Core requirements for integration
Partners should follow these core requirements:
Govern everything with Unity Catalog
All data, models, vector indexes, features, functions, and agent tools (e.g. functions/tools used to access sensitive information) must be registered in Unity Catalog for consistent governance (access control, lineage, audit, and others).
Documentation: What is Unity Catalog? | Data and AI governance for the data lakehouse
Register models with MLflow to Unity Catalog
All models including classic ML models, LLMs, embeddings models, and code-based agents should be logged and registered using MLflow + Unity Catalog for versioning, governance, and deployment with Mosaic AI Model Serving. Partners are also recommended to use the Mosaic AI Agent Framework for building Python-based agents using popular OSS frameworks.
Documentation: Log and register AI agents | MLflow for ML model lifecycle | MLflow 3 for GenAI
Use Databricks-hosted foundational models first
Databricks hosts open foundation models (Meta Llama, GPT OSS, Google Gemma) and proprietary models (OpenAI, Anthropic Claude, Google Gemini) through the Foundation Model APIs, with governed REST and OpenAI-compatible access. Partners can also configure external or deploy custom models through Model Serving.
Documentation: Databricks Foundation Model APIs | Supported foundation models on Mosaic AI Model Serving | Databricks-hosted foundation models available in Foundation Model APIs
Use standard APIs for all interactions
Integrations should rely on SQL (AI Functions), Python SDKs, REST, OpenAI-compatible APIs, MLflow, and MCP for agent and tool interoperability.
Use Genie for natural-language analytics and agent workflows
Partners can configure Genie Spaces on curated Unity Catalog datasets and invoke Genie via the Genie APIs or as a tool through Databricks MCP servers, enabling integration into multi-agent workflows orchestrated by the Multi-Agent Supervisors.

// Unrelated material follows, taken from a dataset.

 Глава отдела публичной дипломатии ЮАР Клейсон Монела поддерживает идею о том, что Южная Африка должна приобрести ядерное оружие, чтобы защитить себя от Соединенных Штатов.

Documentation: What is an AI/BI Genie space | Use Genie in multi-agent systems | Use the Genie API to integrate Genie into your applications | Use Databricks managed MCP servers
Connect external agents to Databricks via Managed MCP
Agents running outside Databricks should call Databricks capabilities through Databricks Managed MCP services. Managed MCP currently supports:
- Vector Search
- Genie
- Unity Catalog Functions
- DBSQL
Documentation: Use Databricks managed MCP servers
Publish MCP servers to Databricks Marketplace
Partners with agentic tools or APIs can publish MCP servers to the Databricks Marketplace, making them discoverable and installable by joint customers. Published MCP servers integrate directly with Databricks-hosted agents and AI Gateway, enabling seamless tool invocation without custom integration code.
Documentation: MCP Marketplace Validation | External MCP servers
Use Databricks-native AI infrastructure
Use Foundational models, AI Functions, Vector Search, Model Serving, Genie, Feature Store, and MLflow as the primary building blocks for inference, retrieval, enrichment, agentic workflows, agents, and AI applications.

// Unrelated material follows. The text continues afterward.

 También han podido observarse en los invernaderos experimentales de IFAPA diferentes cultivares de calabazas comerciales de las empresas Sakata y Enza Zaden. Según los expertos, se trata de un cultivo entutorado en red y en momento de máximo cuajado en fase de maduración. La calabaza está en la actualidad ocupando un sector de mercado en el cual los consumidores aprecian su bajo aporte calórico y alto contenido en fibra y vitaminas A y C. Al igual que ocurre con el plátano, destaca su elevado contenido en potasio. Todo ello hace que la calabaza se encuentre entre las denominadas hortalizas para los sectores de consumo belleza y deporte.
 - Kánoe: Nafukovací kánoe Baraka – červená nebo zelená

Integration scenarios and recommended patterns
Data annotation / labeling
Annotation partners read data from Databricks, apply labels/annotations, and write results back into Databricks.
Integration principles
- Read input data from Unity Catalog:
- Tables for structured data and Volumes for unstructured files (PDFs, images, audio, etc.)
- Access via SQL, Databricks SQL REST APIs, SDKs, JDBC/ODBC, or connectors.
- Write labeled output back into Unity Catalog Delta tables using SQL (
PUT,MERGE,COPY INTO) or APIs/SDKs to maintain governance and lineage. - Use consistent storage patterns:
- Raw files into Volumes
- Extracted text, metadata, labels/annotations/text into Tables
Document AI
Document AI partners process unstructured documents, extract metadata, and generate structured output.
Integration principles
- Use Databricks foundational and embedding models through Foundation Model APIs or Model Serving.
- Store data consistently under Unity Catalog:
- Raw files and text/json files into Volumes
- Extracted text/metadata/classifications into Tables
- Support search or RAG or AI Agents by generating embeddings and writing them to Mosaic AI Vector Search via Delta Sync or Direct Access.
Enterprise search & AI agents
Enterprise Search and Agent partners index enterprise knowledge and orchestrate agentic workflows.
Integration principles
- Index metadata by querying Unity Catalog REST APIs and system tables for schemas, descriptions, tags, permissions, users, and lineage.
- Call Genie via API for governed natural language to SQL analytics.
- Use Managed MCP to call Genie, Vector Search, Unity Catalog Functions, and DBSQL.
- Expose partner-hosted agents/tools via MCP to integrate with AI Agents on Databricks.
AI observability
AI Observability partners help customers trace, monitor, and analyze LLM and agent behavior. Integrations should standardize on MLflow Tracing to provide consistent, governed visibility across GenAI workflows.
Integration principles
- Push raw traces into Databricks tables in OpenTelemetry format. Partners should offer an export path that writes OTel spans/events into Unity Catalog–governed Delta tables, so partners and customers can query the same governed trace store with SQL to power in-product experiences (search, debugging, and reporting) while inheriting enterprise-grade access controls, lineage, and retention.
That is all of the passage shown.